Albanese’s government shows worrying signs of similar tendencies: grand ambitions for housing, sweeping climate targets, industrial relations reforms, and Indigenous recognition. No matter their individual justifications, taken together, these would be a recipe for overreach.

The fundamental lesson: landslide victories create a dangerous illusion. They suggest broad endorsement of a party’s entire agenda when they often simply reflect rejection of an unpalatable alternative.

New Zealanders did not vote for Labour in 2020 because they wanted water infrastructure to get an extra dose of centralisation. They voted Labour because Ardern had created her own brand during the early phases of the pandemic, while National appeared divided.

Similarly, Australians did not vote Labor because they crave expansive government programmes. They voted Labor because the Coalition had not offered much of substance.

Here lies the trap: mistaking rejection of your opponents for endorsement of your most ambitious plans.

What should Albanese do? The answer is counterintuitive: do less, but do it well.

This means focusing on economic fundamentals. Addressing cost-of-living pressures with more than token gestures. Ensuring reforms are practical and deliver tangible benefits. Voters care more about outcomes than intentions.

Meanwhile, Australia’s Coalition should take heart from New Zealand’s National Party, which demonstrated how swiftly political fortunes can reverse.

After their 2020 humiliation (and a later leadership change), National rallied behind Christopher Luxon and focused on issues affecting household budgets.

Their message was brutally simple: Labour failed to deliver; National offered more competent management. By election day 2023, that was enough to form a coalition government. Meanwhile, Labour lost nearly half its voters over just three years.

A few decades ago, such volatility would have been unheard of. But we are witnessing a fundamental shift in democratic politics. The anchors that once secured political loyalty (think of church or trade union memberships) have dissolved. Today’s electorate swings more dramatically and forgives less readily.

Voters’ political promiscuousness creates a paradox: parliamentary dominance often contains the seeds of its own destruction.
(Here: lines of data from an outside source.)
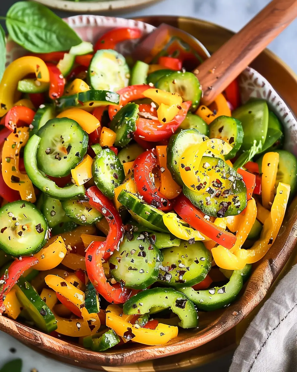 A refreshing salad that combines crunchy cucumbers and bell peppers for a light and healthy dish.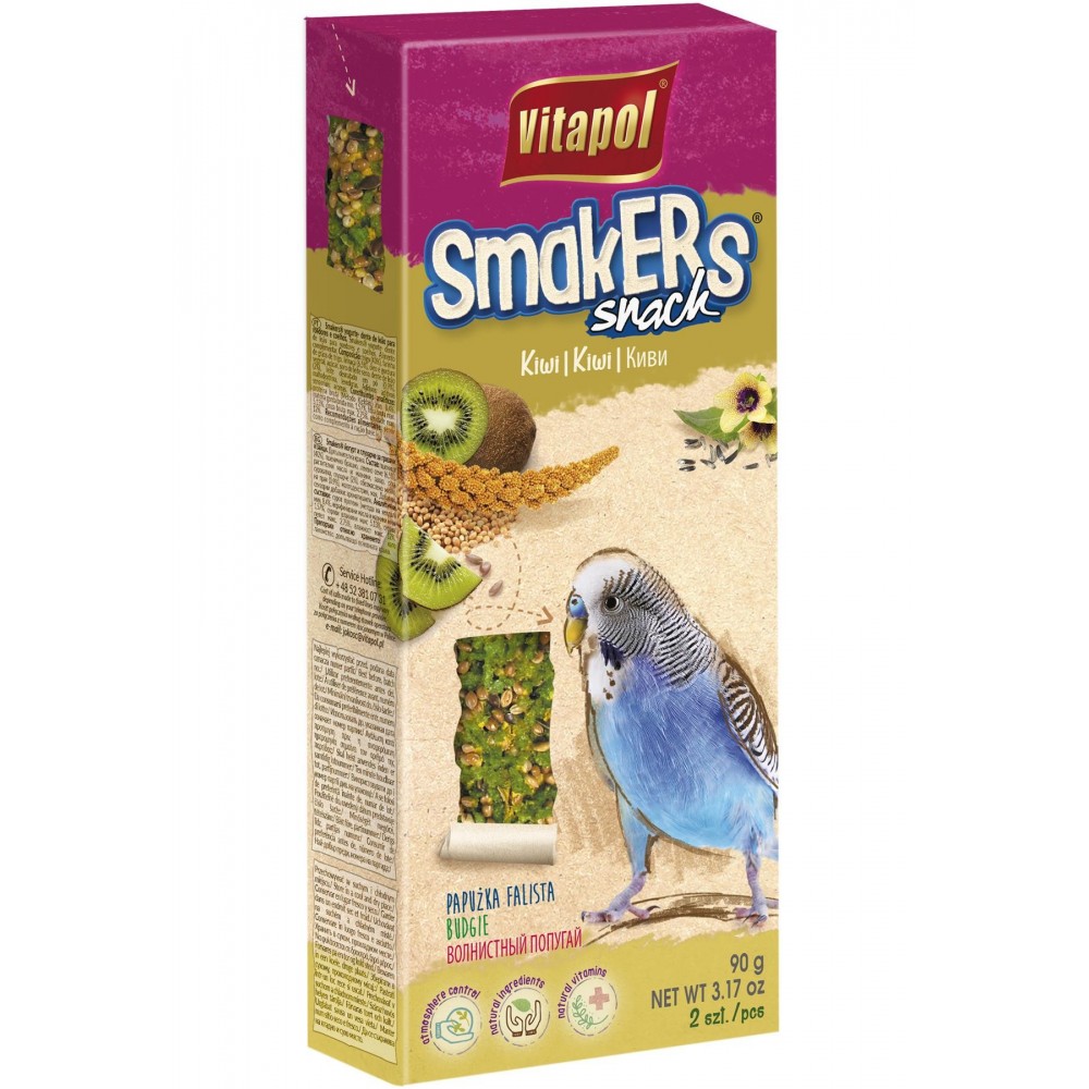 Smakers, który obok wyselekcjonowanych nasion zawiera również owoc kiwi dostarcza papużkom wielu naturalnych witamin, w tym głównie witaminę C oraz witaminy z grupy B. Owoc posiada właściwości nadające odporność i działające przeciwnowotworowo.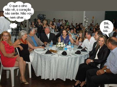 A gente abriu um pouco mais o clic de ontem e olha só o que apareceu. A vice-prefeita Regina Dubay com cara de poucos amigos enquanto o marido Laércio Dubay, do outro lado da mesa, conversa com a deputada Cida Borghetti. Foi no jantar dos 40 anos da Comcam, na hora da exibição do vídeo no telão. Ao fundo, o prefeito Nelson Tureck e o governador Roberto Requião riem sem parar. Vá ver era alguma piadinha machista, porque as mulheres não estão achando graça, não...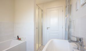 The family bathroom is well-appointed and complements the overall sense of comfort and functionality found throughout the home.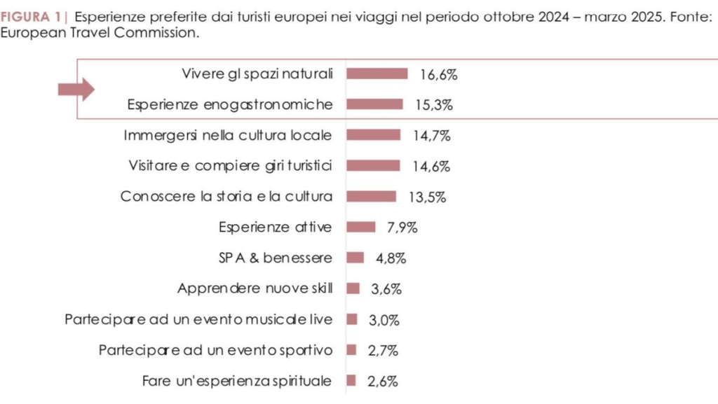 Para los turistas europeos -se lee en una ficha del informe- la comida es una presencia estable, junto con la naturaleza y la cultura, entre las experiencias más deseadas. A corto plazo (octubre de 2024 – marzo de 2025), estas propuestas representan el 15,3% (gastronomía y vino), el 16,6% (naturaleza) y el 14,7% (cultura) respectivamente en las intenciones de los ciudadanos europeos (Figura 1). Se trata de una gran cuenca de mercado -potencialmente más de 60 millones, de los cuales 20,6 millones sólo para la alimentación y el vino- con cifras estables en comparación con 2023.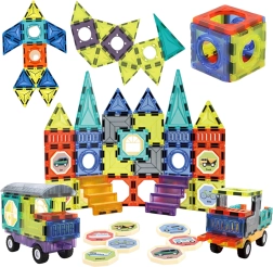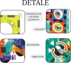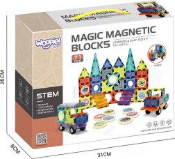 Objavte svet kreativity so stavebnicou magnetických kociek 3D od značky WOOPIE. S 71 dielmi deti postavia fantazijné zámky, vozidlá aj priestorové tvary. Silné magnety, priehľadné farebné diely a samolepky s motívmi dopravných prostriedkov zabezpečujú dlhé hodiny zábavy a učenia hrou. Skvele rozvíja jemnú motoriku, logické myslenie a priestorovú predstavivosť.
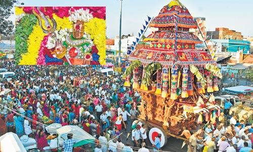 மாலை 4:30 மணிக்கு தேரோட்டம் ஆரம்பமானது. தேரின் மீது பழங்களையும், நவதானியங் களையும் பக்தர்கள் வீசினர். மாலை 5:45 மணிக்கு தேர் நிலைக்கு வந்தது. இணை ஆணையர் செல்வராஜ், துணை ஆணையர் செந்தில்குமார் உட்பட பலர் பங்கேற்றனர். இரவில் பக்தர்கள் பெண்வேடம், பூதம் உள்ளிட்ட வேடமிட்டு வண்டிக்கால் பார்த்தலும், நள்ளிரவில் திருக்கம்பத்தை கங்கையில் சேர்க்கும் நிகழ்ச்சியும் நடந்தது.

It breeds complacency, encourages overreach and sets impossible expectations.

Ardern discovered this too late. The question now is: Will Albanese learn from her experience?

History would suggest not. Politicians rarely believe others’ mistakes apply to them. Until suddenly, they do.

Perhaps the true lesson from across the Tasman runs even deeper. It shows that democracies, for all their flaws, have the ability to correct themselves.

No matter how overwhelming the majority, governments ultimately face the most effective constraint: the judgment of ordinary citizens, concerned more with results than rhetoric, perfectly willing to discard yesterday’s political heroes when the results do not match the promises.

That is both the frustration and glory of democracy – a lesson New Zealand’s Labour learned the hard way.

Australia’s Labor Party might believe they are different. They are not.